# A little disappointed with SKB



## JMaier (Nov 3, 2009)

You're disappointed they don't make a case that fits your bow? I wish an Aston Martin was in my price range but I'm not disappointed in them. You're probably gonna say you're disappointed that they told you to force it in there... I'm sorry they tried to help the best they could. Well, other than making an entire new bow case just for you.


----------



## BlkdOutZ7Xtreme (Apr 25, 2011)

No I found out they do make a case that fits my bow and it's what I'm looking for, a parallel limb bow case that will hold 2 bows. It's $429 though, no reason they couldn't make the case I had in that size that doesn't have all the features of the more expensive case. How do you figure they would be making a case " just for me " ? Am I the only person with a z7 xtreme that has an skb case that bow doesn't fit in unless you really force it in there ? I doubt it and I doubt I'm the only person that wants one.


----------



## Sagittarius (May 22, 2002)

Check out the Aurora cases at Lancaster Archery.
One of the best cases i have seen in awhile. 
http://www.lancasterarchery.com/index.php?cPath=52_468


----------



## Sagittarius (May 22, 2002)

http://www.americase.com/ builds some fine cases but a double bow case will cost you over $600.00 :shocked:


----------



## JMaier (Nov 3, 2009)

BlkdOutZ7Xtreme said:


> No I found out they do make a case that fits my bow and it's what I'm looking for, a parallel limb bow case that will hold 2 bows. It's $429 though, no reason they couldn't make the case I had in that size that doesn't have all the features of the more expensive case. How do you figure they would be making a case " just for me " ? Am I the only person with a z7 xtreme that has an skb case that bow doesn't fit in unless you really force it in there ? I doubt it and I doubt I'm the only person that wants one.

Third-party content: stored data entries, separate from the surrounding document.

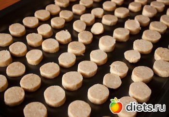 Охлажденное тесто нарезаем на ломтики толщиной около 6 мм. Кладем на застеленный пергаментом противень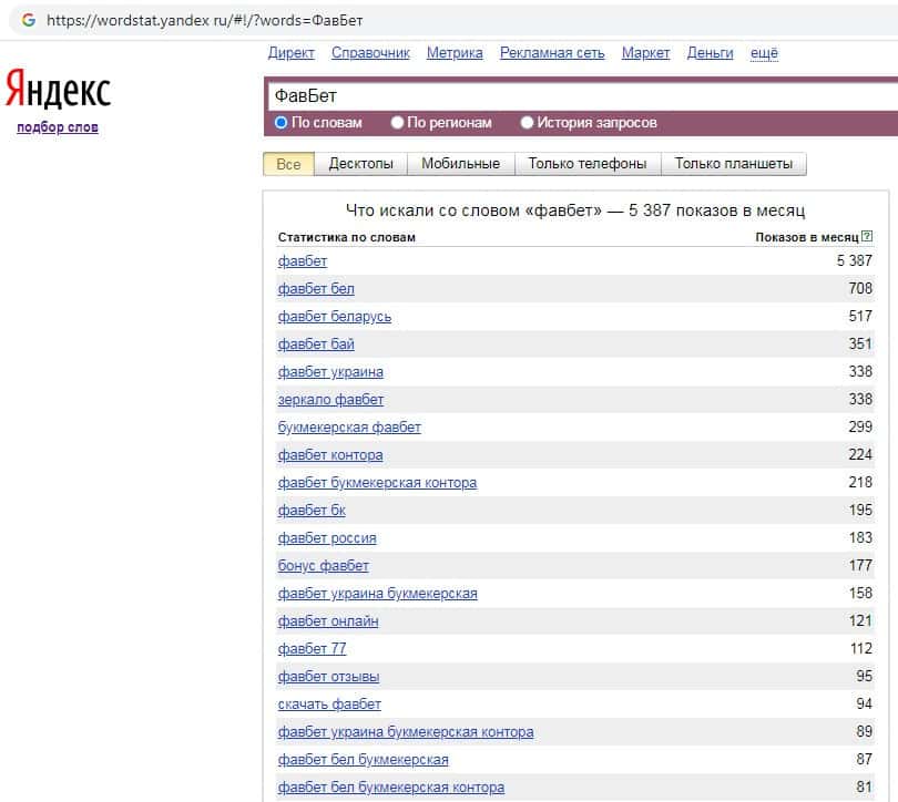 Количество запросов по бренду названия компании на русском языке без пробела "ФавБет" на Яндекс Вордстарт составляет 5 387 запросов за месяц.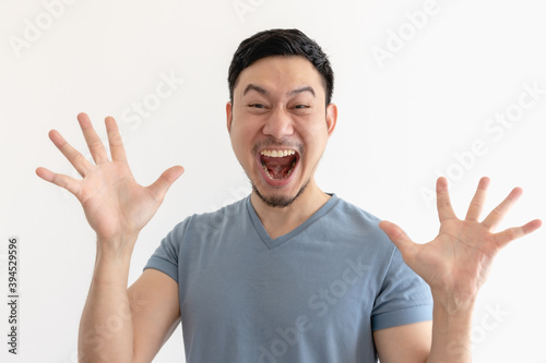 Surprised and wow face of Asian man in blue t-shirt on isolated background.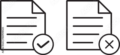 Clipboard icon vector with checkmark. Approved and Rejected Document Icons – Validation Symbol Vector Set.
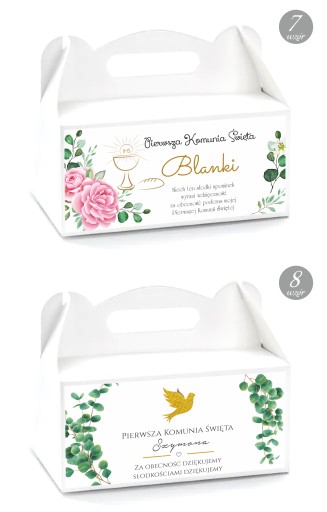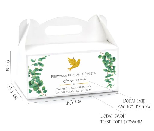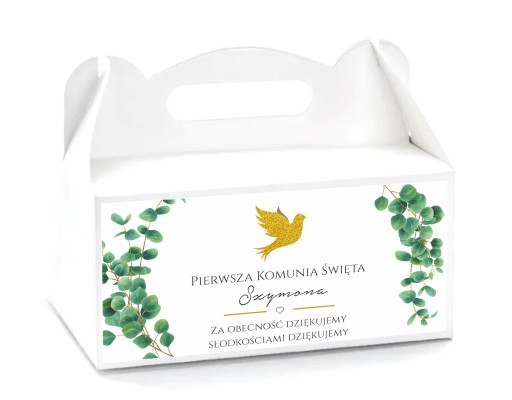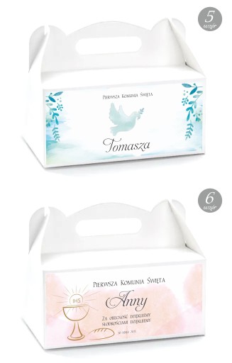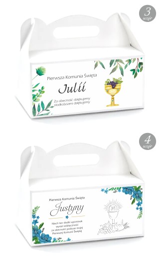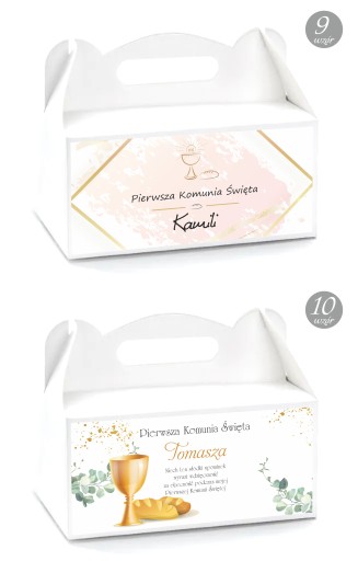 Uniwersalne opakowanie na ciasto komunijne dla chłopca lub dziewczynki, z personalizowaną etykiety (drukowaną na papierze samoprzylepnym do własnego naklejenia)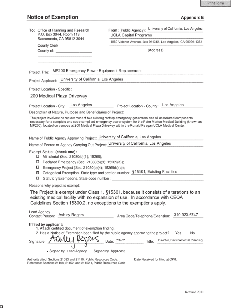 This document serves as a notice for exemption regarding the replacement of emergency power equipment at UCLA, detailing the project\'s nature, purpose, and compliance with environmental regulations.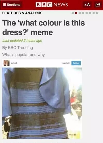 觉得是白金色的人,认为这张图处于逆光,大脑的经验认为受到了阴影的高色温(偏蓝)影响,大脑直觉处理要调高亮度、提升明度、改变白平衡色系向暖“去除蓝光阴影影响”,最终把棕黄和淡蓝色处理成了“金色和白色”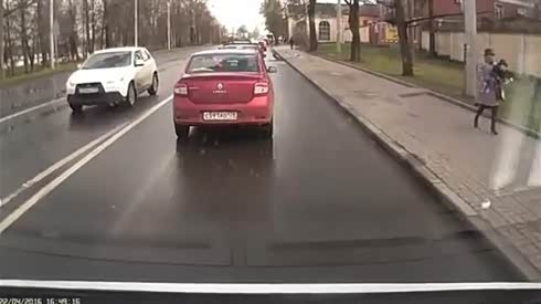 真是够危险 机动车失控差点撞到路人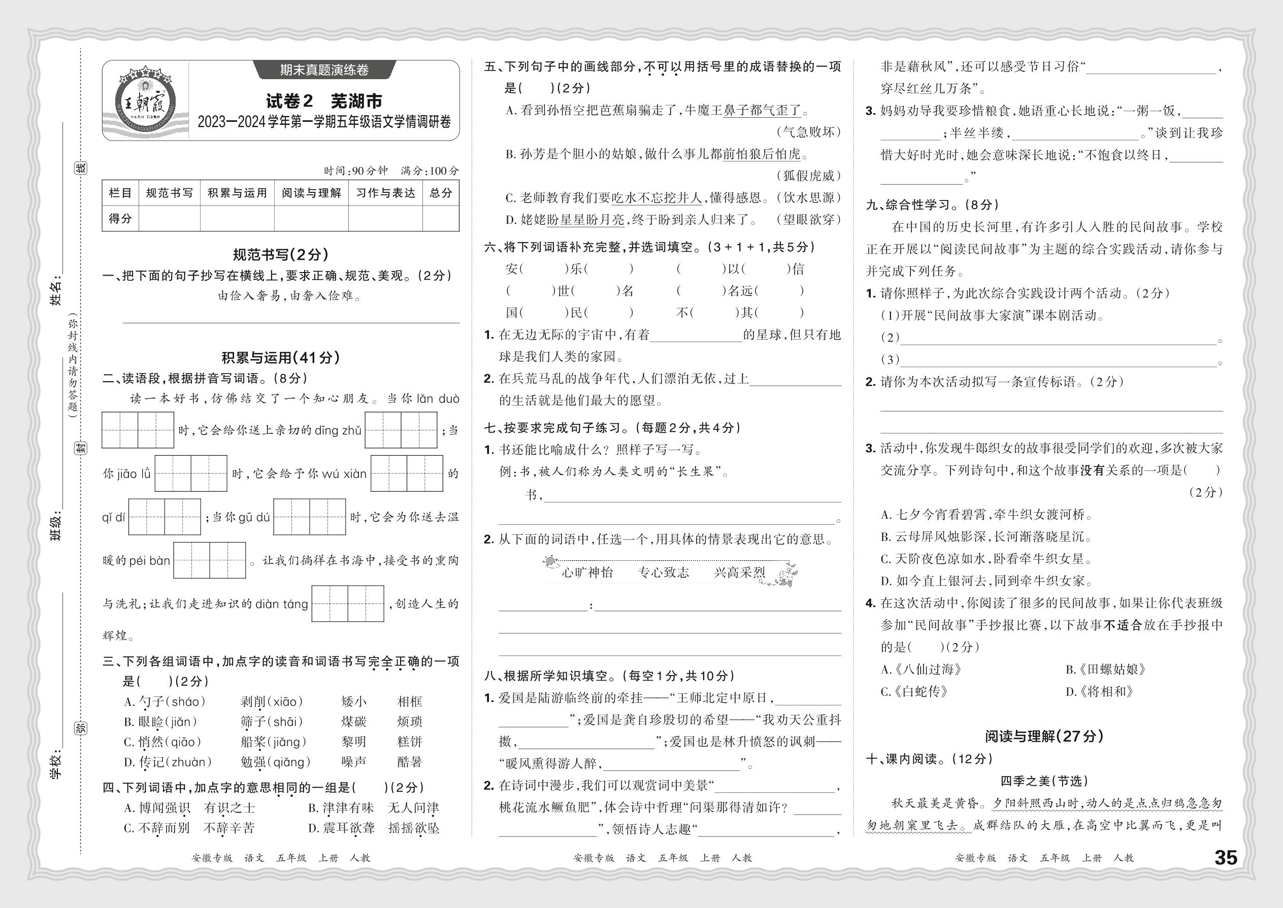 安徽省芜湖市2023—2024学年第一学期五年级语文学情调研卷(人教版)【2】
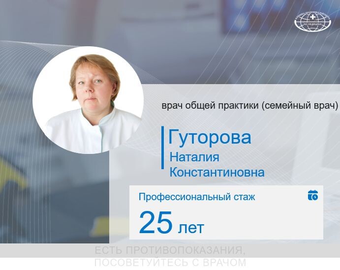 В клинике АО «Медицина» (клиника академика Ройтберга) принимает Гуторова Наталия Константиновна – опытный врач общей практики с 25-летним стажем. Высококвалифицированный специалист оказывает комплексную медицинскую помощь взрослым и детям, сочетая современные методы диагностики с индивидуальным подходом к каждому пациенту. 🎓 Образование – 1995 г. — Московский медицинский университет им. Н.А. Семашко, специальность «Лечебное дело» – 1995–1997 гг. — Клиническая ординатура по терапии на базе ММА им. И.М. Сеченова 📌 Квалификация – Врач общей практики (семейный врач) – Сертифицированный специалист по терапии, УЗИ-диагностике и клинической фармакологии – Опыт работы в ведущих медицинских учреждениях Москвы 💡 Профессиональные навыки – Диагностика и лечение широкого спектра заболеваний у взрослых и детей – Ведение пациентов с хроническими патологиями и профилактика осложнений – Ультразвуковая диагностика (УЗИ) – Индивидуальный подбор терапии с учетом особенностей пациента 🔍 Опыт работы – В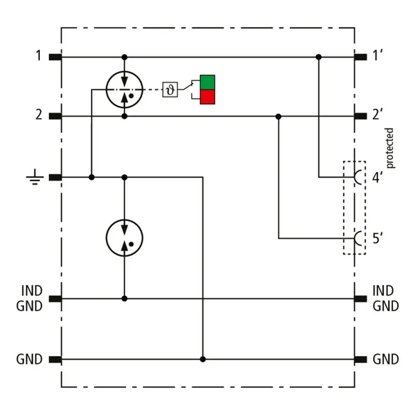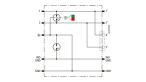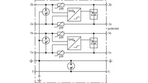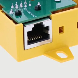 Platzsparender kompakter Überspannungs-Ableiter im Kunststoff-Aufputz-Gehäuse mit Push-in Anschlusstechnik und Statusanzeige zum Schutz einer Doppelader erdpotentialfreier symetrischer Schnittstellen, insbesondere Telekommunikationsschnittstellen bis VVDSL und G.fast (bis 1 Gbit/s). Möglichkeit zur direkten / indirekten Schirmerdung. Ausgangsseitig wahlweise Anschluss einer Doppelader oder einer Patchleitung mit RJ45 Stecker.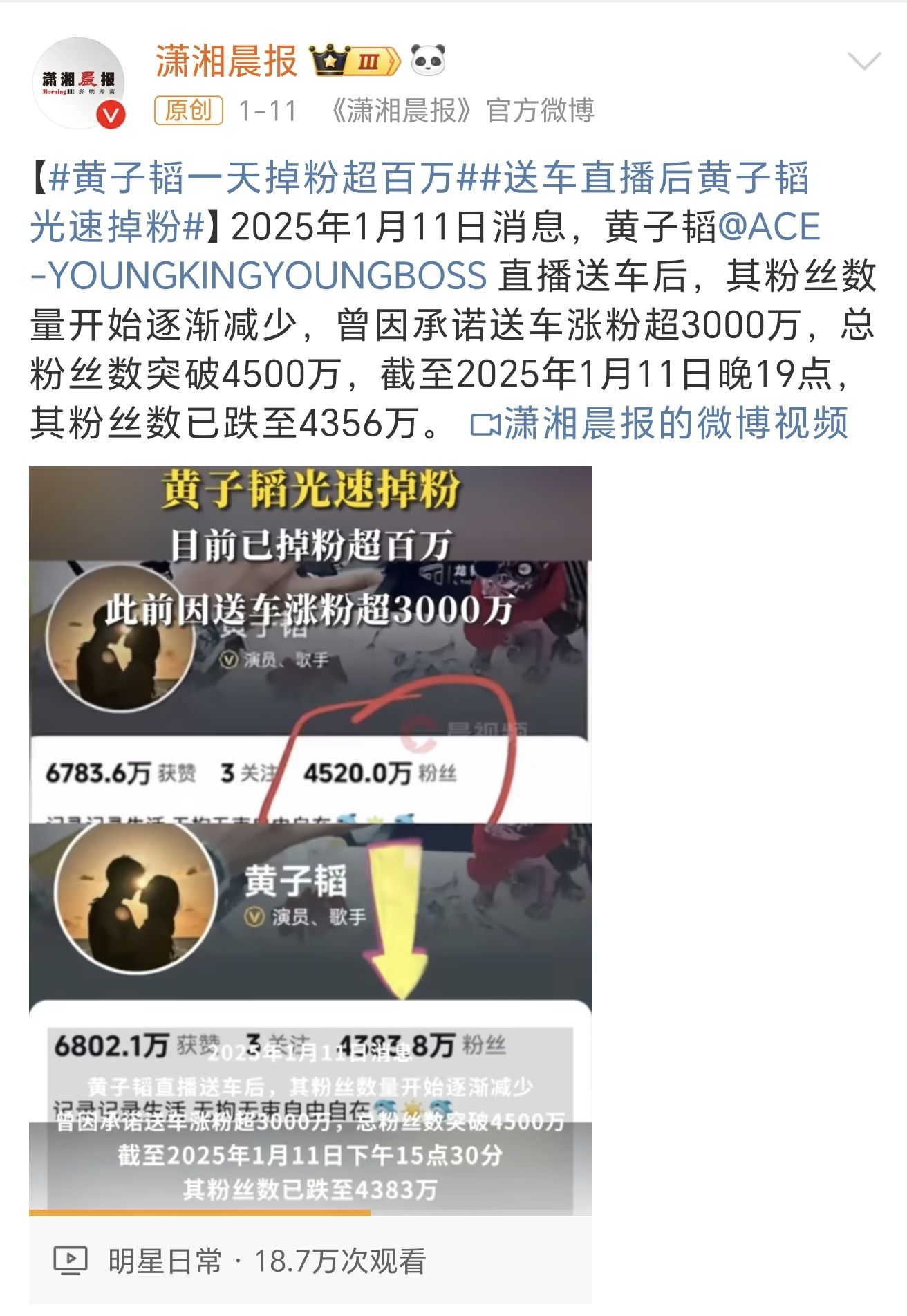 而在直播送車後,黃子韜的粉絲數量開始逐漸減少,原先粉絲數因承諾送車超了3000萬,總粉絲數突破4500萬,但截至2025年1月11日晚19點,黃子韜的粉絲數量已經跌至4356萬。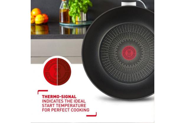 Chảo Tefal Unlimited 20cm được trang bị công nghệ báo nhiệt THERMO-SIGNAL độc quyền, giúp bạn nhận biết thời điểm chảo đã đạt độ nóng lý tưởng để bắt đầu nấu. Vòng tròn báo nhiệt ở giữa lòng chảo sẽ chuyển sang màu đỏ đậm khi chảo đủ nóng, giúp bạn không cần phải đoán mò, tránh tình trạng làm cháy chảo hay dầu sôi quá lâu, ảnh hưởng đến chất lượng món ăn.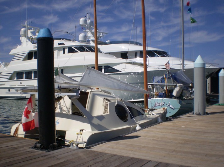We were also next to a couple of big power boats, one around 110 ft and the brand new 157 ft 'Slojo' launched in September just like 'Miss Cindy' that arrived a day after us. She is an American boat but flies a flag of convenience. She has a crew of 10 that rotates with another crew of 10 every 3 months.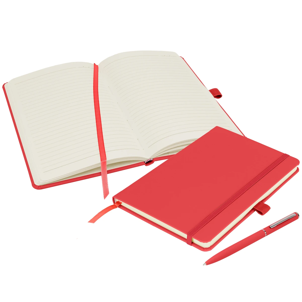 Deluxe eco-friendly A5 notebook offering high quality with its hardback, soft-feel PU cover and matching Wright ballpen in 30 colours. Supplied with a colour matched ribbon, pen loop and elastic closure. Contains 160 pages of 70gsm Ivory lined, sustainably-sourced FSC certified paper, with date marks and an inside back cover pocket.

Just seems like an unfair evaluation. That's all.


----------



## BlkdOutZ7Xtreme (Apr 25, 2011)

JMaier said:


> Just seems like an unfair evaluation. That's all.


" I can't complain about the case at all but here is where my disappointment comes in. My Z7 Xtreme doesn't fit in this case which is why I sold it, I was going to just buy a new skb case that was wider inside. They don't make a double bow case wide enough for what I need, I found this out by calling them. They said my case I just sold would work basically by forcing the bow in between compressing the foam. "

How is that an unfair evaluation ? I didn't say anything bad about their cases, I was looking to buy another one from them. I did further research a day after talking to them and found out they do make a case to fit my bow even though the person I talked to told me they didn't. And you're right, I wasn't happy I was told I could force my bow to fit in the case I just sold, why would I do that and risk wearing the finish off and making the re sale value even less if I decide to sell it ? If that's the situation I may as well not get a case for it at all.


----------



## BlkdOutZ7Xtreme (Apr 25, 2011)

Thanks Sagittarius, over $600 is too rich for my blood right now lol


----------



## JMaier (Nov 3, 2009)

The way you came off is, "they don't make a case that fits my needs and that is unacceptable." I'm glad you got things figured out though.


----------



## dustyvarmint (Dec 22, 2005)

Had great customer service from SKB. Looking at buying that new molded double case they brought out this year. The luggage handlers bent my old one in route to Africa.

happy hunting, dv


----------



## BlkdOutZ7Xtreme (Apr 25, 2011)

Figured I would post in this. I sold my dxt so I don't have a need for a double bow case any more. While in my local pro shop where I buy my bows this week he had a skb case made for a single Z7 xtreme. Skb really hit the mark on this case. It is shaped inside to fit the bow perfectly. 2 thumbs up.


----------



## Tkd-0331 (Feb 5, 2011)

My pse vendetta xl wouldn't fit in on either. Unless I compressed the foam.


----------